— Work order —
What you return must match the records exactly, except that the pictures are gone.

— Dataset excerpts —
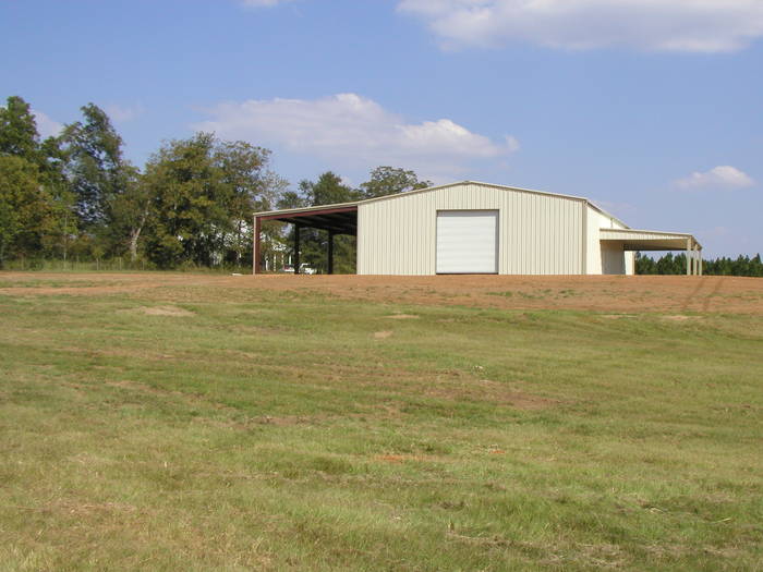 50x90ft x16ft height enclosed interior space 14x14ft overhead doors with 25x90ft drivethru on 1 side and a 20x45ft front porch overlooking pond on other side.
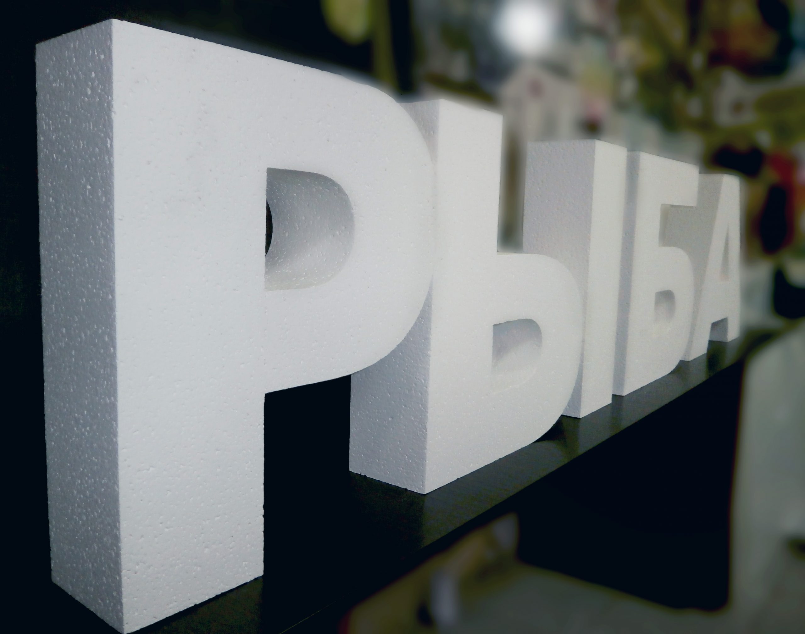 Заказчик — рыбный магазин — обратились к нам для создания объемных букв из пенопласта, которые бы информировали покупателей. Основные требования при выполнении заказа:
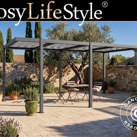 Bioklimatisk pergola pavillon San Pablo Alu+, Open Side, 4x5,8m, Sort
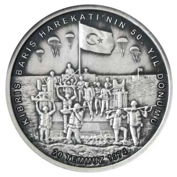 2024 Kıbrıs Barış Harekatı'nın 50. Yıl Dönümü (Okside Gümüş) Darphane Hatıra Parası ''SERTİFİKALIDIR' *YIL / YEAR: 2024 *NOMİNAL DEĞER / FACE VALUE: 20 TÜRK LİRASI / TRY *METAL: 925 AYAR GÜMÜŞ / AG *ÇAP / DİAMETER: 38,61 mm *AĞIRLIK / WEİGHT: 31,10 ± 1GRAM *BASKI / TYPE OF MİNTAGE: OKSİDE & MİNE / OXIDE ENAMEL *KENAR / EDGE: TIRTILLI / MİLLED *MAKS BASKI / MAX. MINTAGE: 3000 ADET / PCS. *SANATÇI / ARTİST : Nalan YERLİBUCAK ÇAKIR *DARPHANE SERTİFİKASI İLE BERABER KAPSÜL İÇİNDE GÖNDERİLİR. KOLEKSİYON TASFİYESİDİR... FATURA GÖNDERİLMEYECEKTİR...!!!
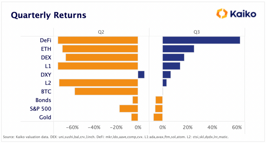 Инвестиции в криптовалюты по итогам III квартала окупились в разы больше, чем в драгметаллы или американские индексы. Об этом у себя в рассылке сообщают аналитики Kaiko.
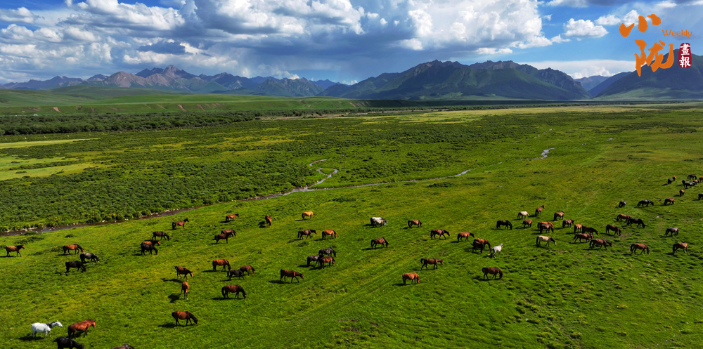 這里有比塞罕壩更壯觀的萬馬奔騰。藍天白云下,一匹匹雄健的駿馬在疾風中奔馳,從一望無際的草場上呼嘯而過,長鬃飛揚,浩浩蕩蕩。
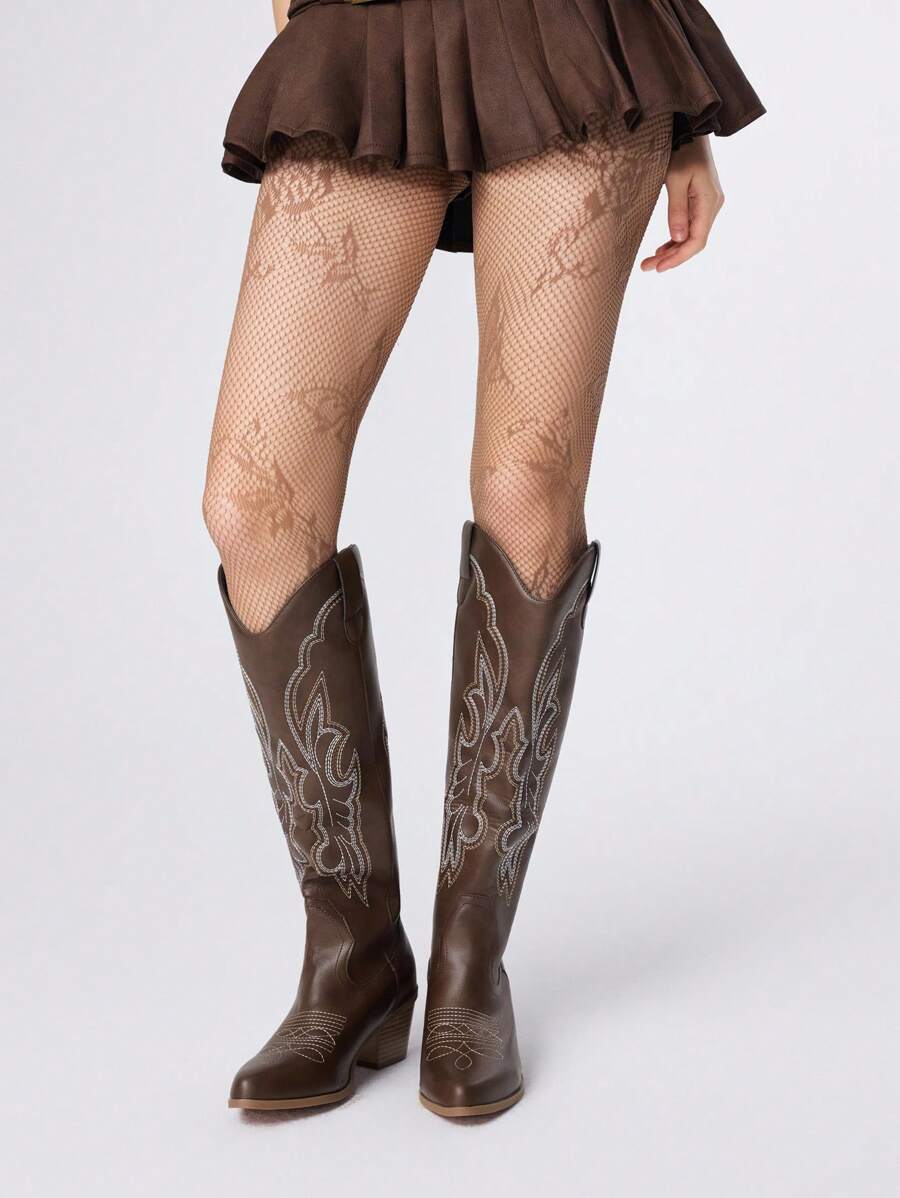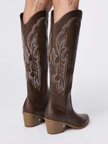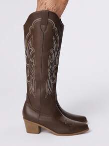 Fairycore Brown Western Style Embroidered Slip-On Knee High Boots, Women Fashion Leather Shoes For Spring Autumn
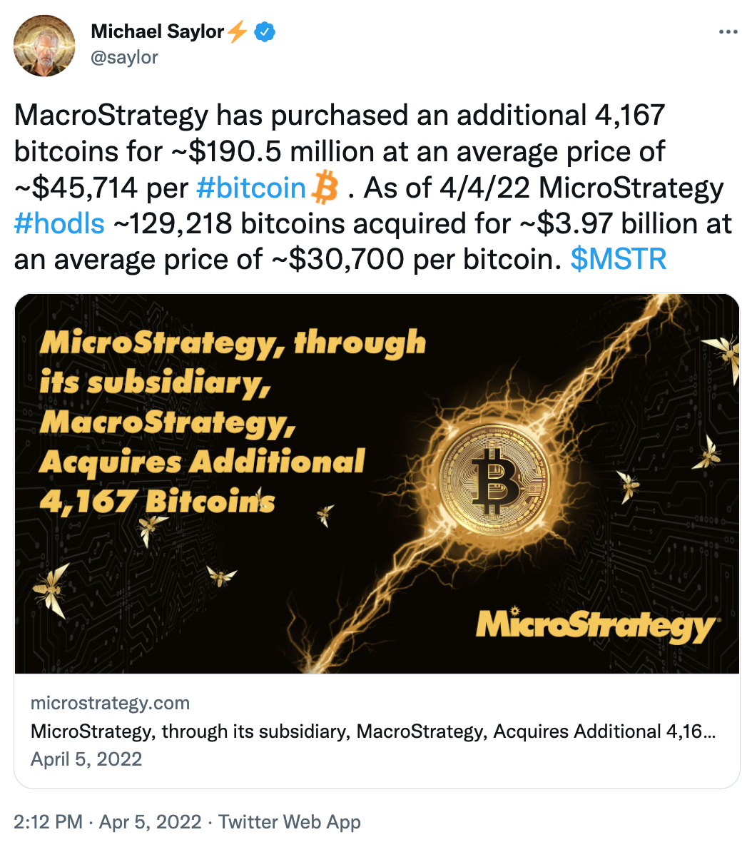 SponsoredNo es nuevo que la empresa dirigida por Michael Saylor compre bitcoin, sin embargo es la primera vez que se utiliza bitcoin como garantía para un préstamos para poder adquirir más bitcoin. Pocas jornadas después MacroStrategy ha confirmado la adquisición de 4167 BTC, unos 190 millones de dólares al escribir este artículo. La compra representa más del 90% del total del préstamo.

— Output for this task —
 50x90ft x16ft height enclosed interior space 14x14ft overhead doors with 25x90ft drivethru on 1 side and a 20x45ft front porch overlooking pond on other side.
 Заказчик — рыбный магазин — обратились к нам для создания объемных букв из пенопласта, которые бы информировали покупателей. Основные требования при выполнении заказа:
 Bioklimatisk pergola pavillon San Pablo Alu+, Open Side, 4x5,8m, Sort
 2024 Kıbrıs Barış Harekatı'nın 50. Yıl Dönümü (Okside Gümüş) Darphane Hatıra Parası ''SERTİFİKALIDIR' *YIL / YEAR: 2024 *NOMİNAL DEĞER / FACE VALUE: 20 TÜRK LİRASI / TRY *METAL: 925 AYAR GÜMÜŞ / AG *ÇAP / DİAMETER: 38,61 mm *AĞIRLIK / WEİGHT: 31,10 ± 1GRAM *BASKI / TYPE OF MİNTAGE: OKSİDE & MİNE / OXIDE ENAMEL *KENAR / EDGE: TIRTILLI / MİLLED *MAKS BASKI / MAX. MINTAGE: 3000 ADET / PCS. *SANATÇI / ARTİST : Nalan YERLİBUCAK ÇAKIR *DARPHANE SERTİFİKASI İLE BERABER KAPSÜL İÇİNDE GÖNDERİLİR. KOLEKSİYON TASFİYESİDİR... FATURA GÖNDERİLMEYECEKTİR...!!!
 Инвестиции в криптовалюты по итогам III квартала окупились в разы больше, чем в драгметаллы или американские индексы. Об этом у себя в рассылке сообщают аналитики Kaiko.
 這里有比塞罕壩更壯觀的萬馬奔騰。藍天白云下,一匹匹雄健的駿馬在疾風中奔馳,從一望無際的草場上呼嘯而過,長鬃飛揚,浩浩蕩蕩。
 Fairycore Brown Western Style Embroidered Slip-On Knee High Boots, Women Fashion Leather Shoes For Spring Autumn
 SponsoredNo es nuevo que la empresa dirigida por Michael Saylor compre bitcoin, sin embargo es la primera vez que se utiliza bitcoin como garantía para un préstamos para poder adquirir más bitcoin. Pocas jornadas después MacroStrategy ha confirmado la adquisición de 4167 BTC, unos 190 millones de dólares al escribir este artículo. La compra representa más del 90% del total del préstamo.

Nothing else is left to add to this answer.